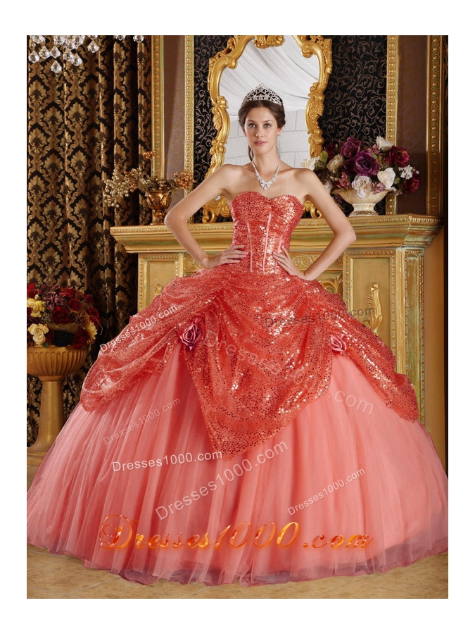 Ball Gown Sweetheart Hand Made Flowers Dress For Quinceanera with Sequined
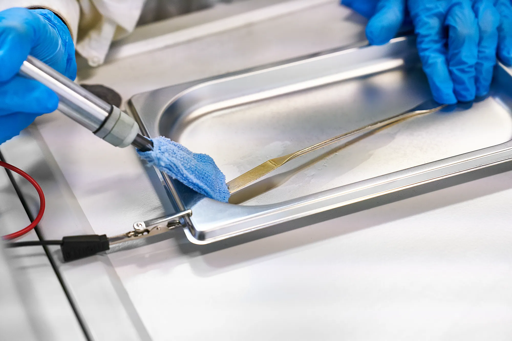 1. Die Vorbehandlung ist für die Qualität des Endergebnisses von großer Bedeutung. Stellen Sie dazu sicher, dass das Schmuckstück vor dem Galvanisieren vollständig fettfrei und sauber ist - nur so werden die Ergebnisse kalkulierbar gut.
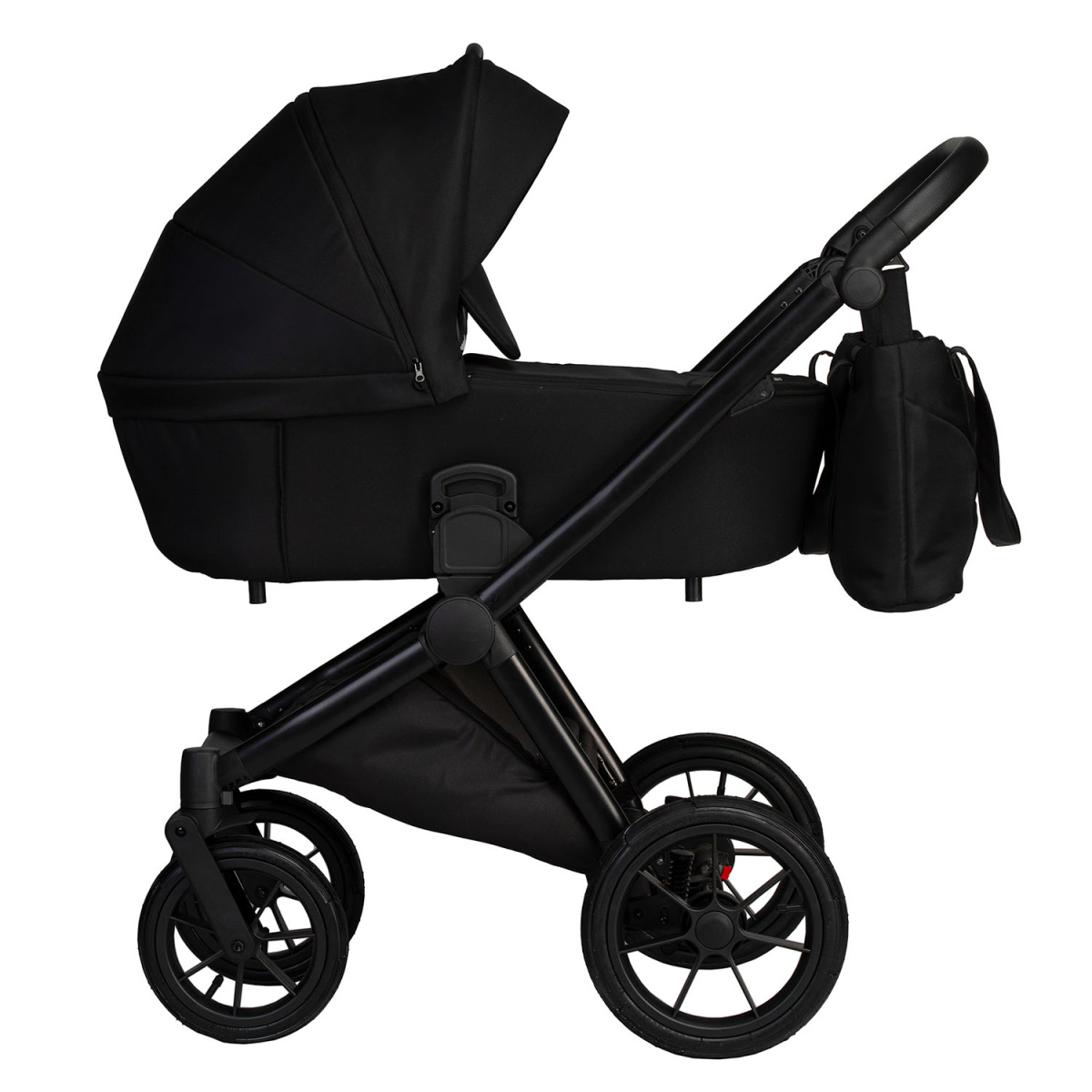 Коляска оснащена легкой и прочной рамой с мягкой амортизацией и большими надувными резиновыми колесами, которые обеспечивают плавный ход на плитке, асфальте, снегу и неровных дорогах.Передние колеса фиксируются для более удобного управления на сложных покрытиях.
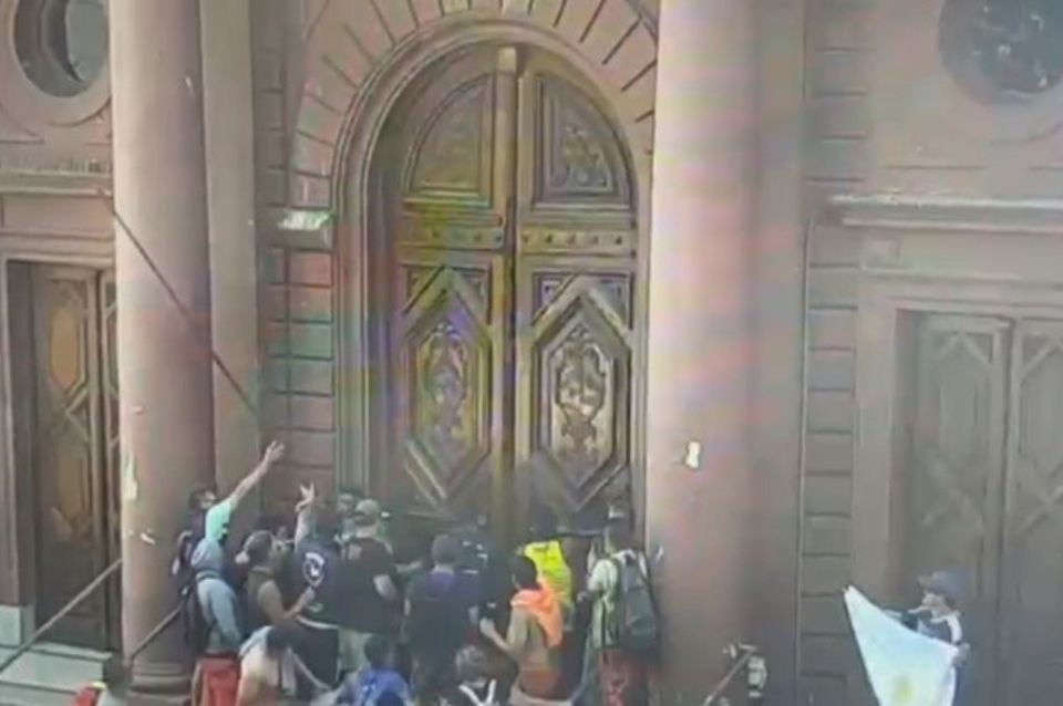 Luego de la violenta irrupción de trabajadores portuarios en el Concejo Deliberante de Rosario y en la Municipalidad, este jueves al mediodía se conocieron las imágenes de la cámara de seguridad ubicada frente al edificio. En el video se observa claramente como un grupo de trabajadores, que fue creciendo con el correr de los minutos, fuerzan la enorme puerta de entrada del municipio hasta romperla. Y luego ingresan en forma violenta para tomar el recinto.
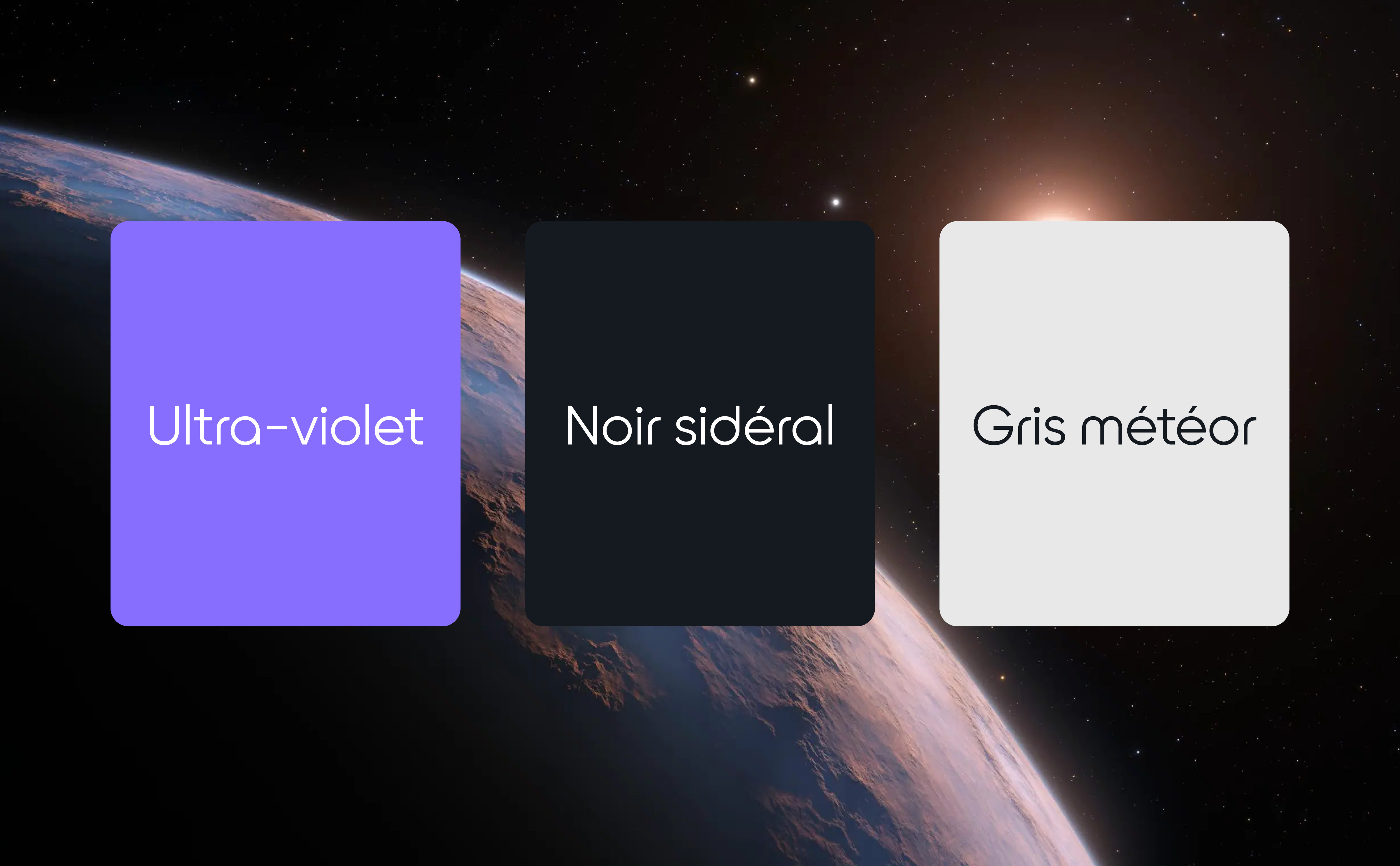 C'est pourquoi nous avons décidé de remplacer le bleu nuit un peu terne par un violet éclatant, que nous avons nommé Ultra-violet, en référence à ces longueurs d'onde invisibles à l'œil nu, mais qui font cependant partie intégrante des observations astronomiques (au même titre que les rayons gamma, les rayons x, l'infrarouge ou encore les ondes radio).
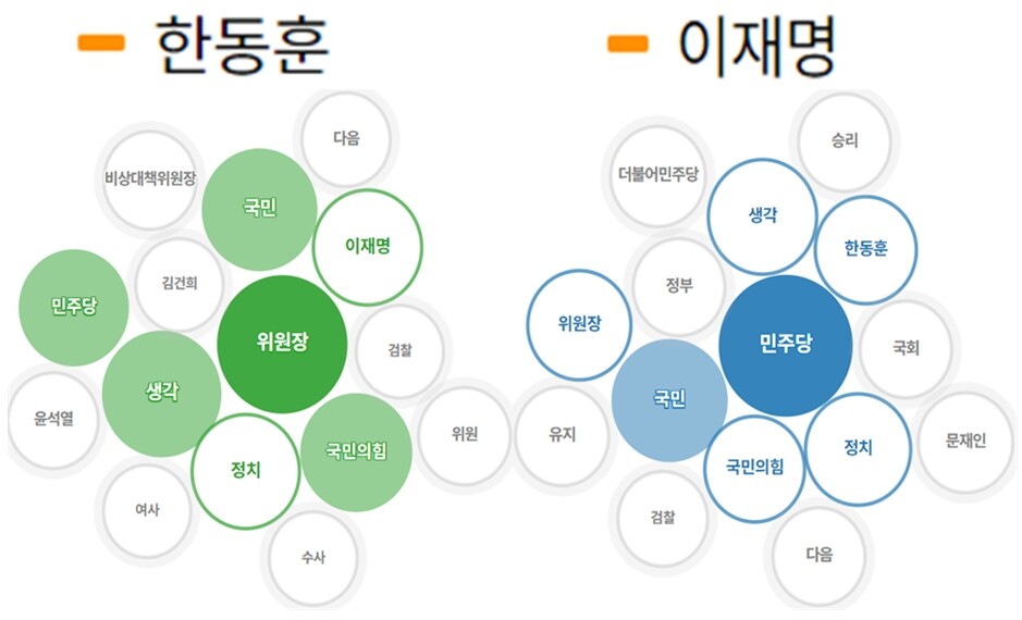 한 위원장에 대한 빅데이터 연관어는 '위원장', '국민', '국민의힘', '민주당', '이재명', '정치', '비상대책위원장', '위원', '윤석열', '수사', '김건희', '검찰', '여사' 등으로 나왔다. 이 대표에 대한 빅데이터 연관어는 '민주당', '국민', '정치', '위원장', '한동훈', '국민의힘', '더불어민주당', '문재인', '유지', '승리', '정부', '국회', '검찰' 등으로 나타났다.
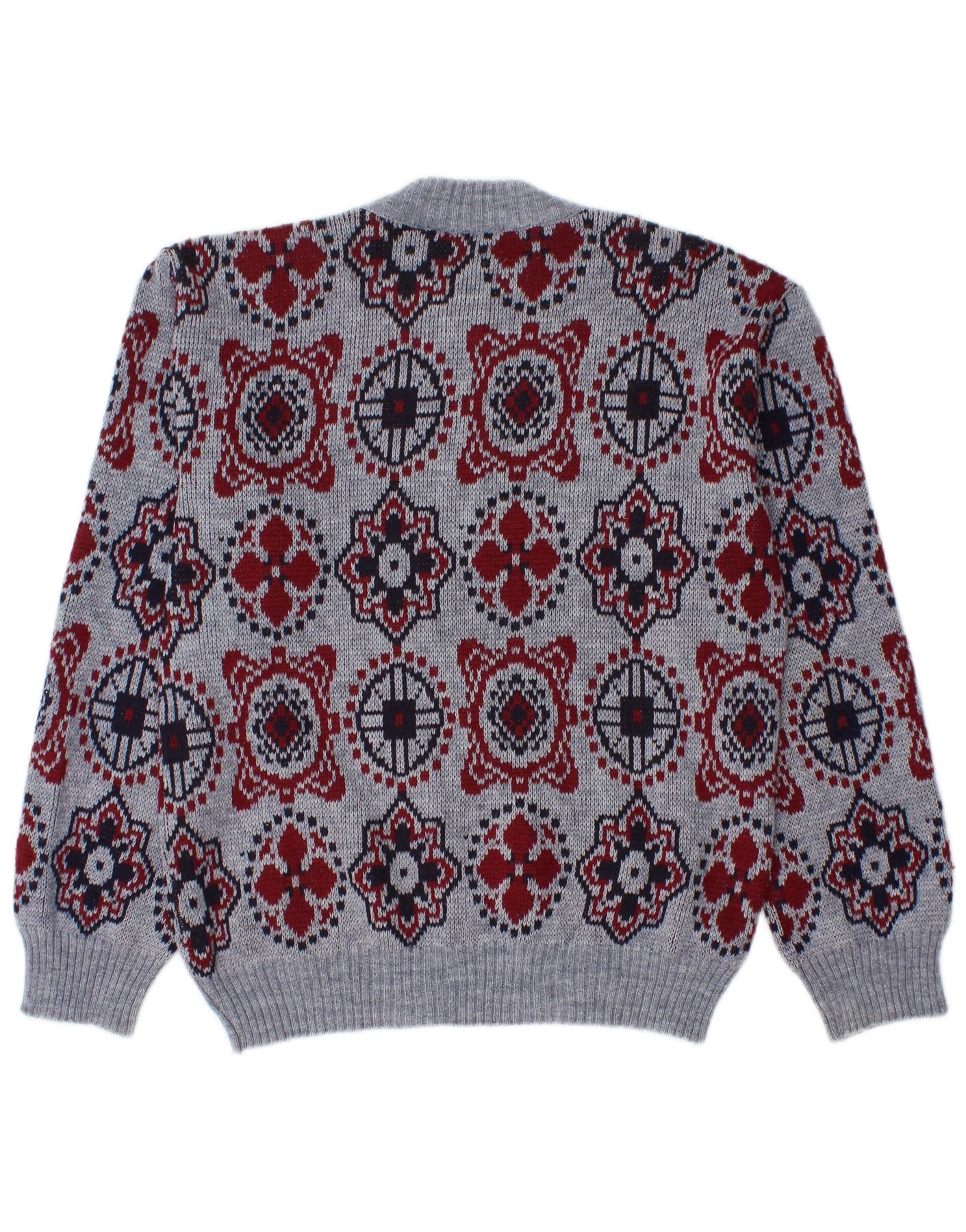 VINTAGE Mens Crew Neck Jumper Sweater Medium Blue Fair Isle
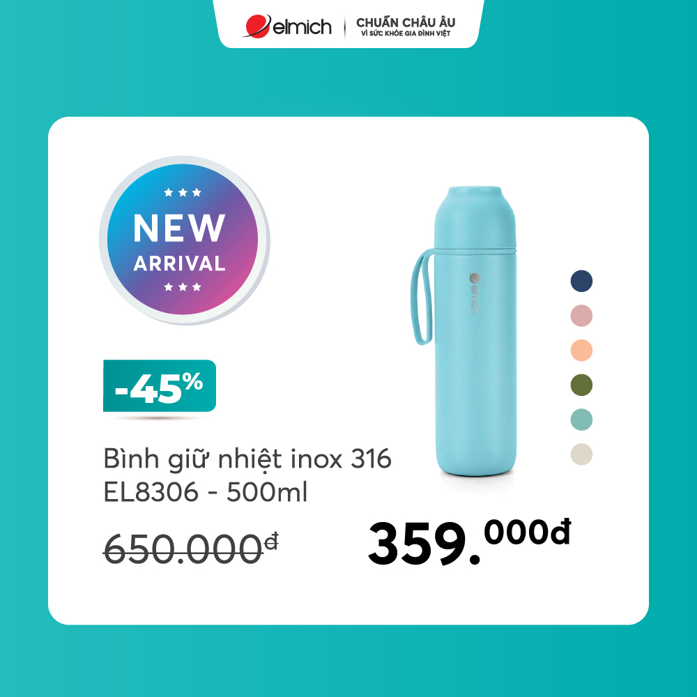 - Bình giữ nhiệt inox 304 Elmich EL8306AB/NB/OV/PF/PK/WH dung tích 400ml chỉ 359k, giá gốc 650k
────────
*Instructions to follow:*
All the lines above should be reproduced exactly, and none of the pictures.

*Exercise response:*
 Ball Gown Sweetheart Hand Made Flowers Dress For Quinceanera with Sequined
 1. Die Vorbehandlung ist für die Qualität des Endergebnisses von großer Bedeutung. Stellen Sie dazu sicher, dass das Schmuckstück vor dem Galvanisieren vollständig fettfrei und sauber ist - nur so werden die Ergebnisse kalkulierbar gut.
 Коляска оснащена легкой и прочной рамой с мягкой амортизацией и большими надувными резиновыми колесами, которые обеспечивают плавный ход на плитке, асфальте, снегу и неровных дорогах.Передние колеса фиксируются для более удобного управления на сложных покрытиях.
 Luego de la violenta irrupción de trabajadores portuarios en el Concejo Deliberante de Rosario y en la Municipalidad, este jueves al mediodía se conocieron las imágenes de la cámara de seguridad ubicada frente al edificio. En el video se observa claramente como un grupo de trabajadores, que fue creciendo con el correr de los minutos, fuerzan la enorme puerta de entrada del municipio hasta romperla. Y luego ingresan en forma violenta para tomar el recinto.
 C'est pourquoi nous avons décidé de remplacer le bleu nuit un peu terne par un violet éclatant, que nous avons nommé Ultra-violet, en référence à ces longueurs d'onde invisibles à l'œil nu, mais qui font cependant partie intégrante des observations astronomiques (au même titre que les rayons gamma, les rayons x, l'infrarouge ou encore les ondes radio).
 한 위원장에 대한 빅데이터 연관어는 '위원장', '국민', '국민의힘', '민주당', '이재명', '정치', '비상대책위원장', '위원', '윤석열', '수사', '김건희', '검찰', '여사' 등으로 나왔다. 이 대표에 대한 빅데이터 연관어는 '민주당', '국민', '정치', '위원장', '한동훈', '국민의힘', '더불어민주당', '문재인', '유지', '승리', '정부', '국회', '검찰' 등으로 나타났다.
 VINTAGE Mens Crew Neck Jumper Sweater Medium Blue Fair Isle
 - Bình giữ nhiệt inox 304 Elmich EL8306AB/NB/OV/PF/PK/WH dung tích 400ml chỉ 359k, giá gốc 650k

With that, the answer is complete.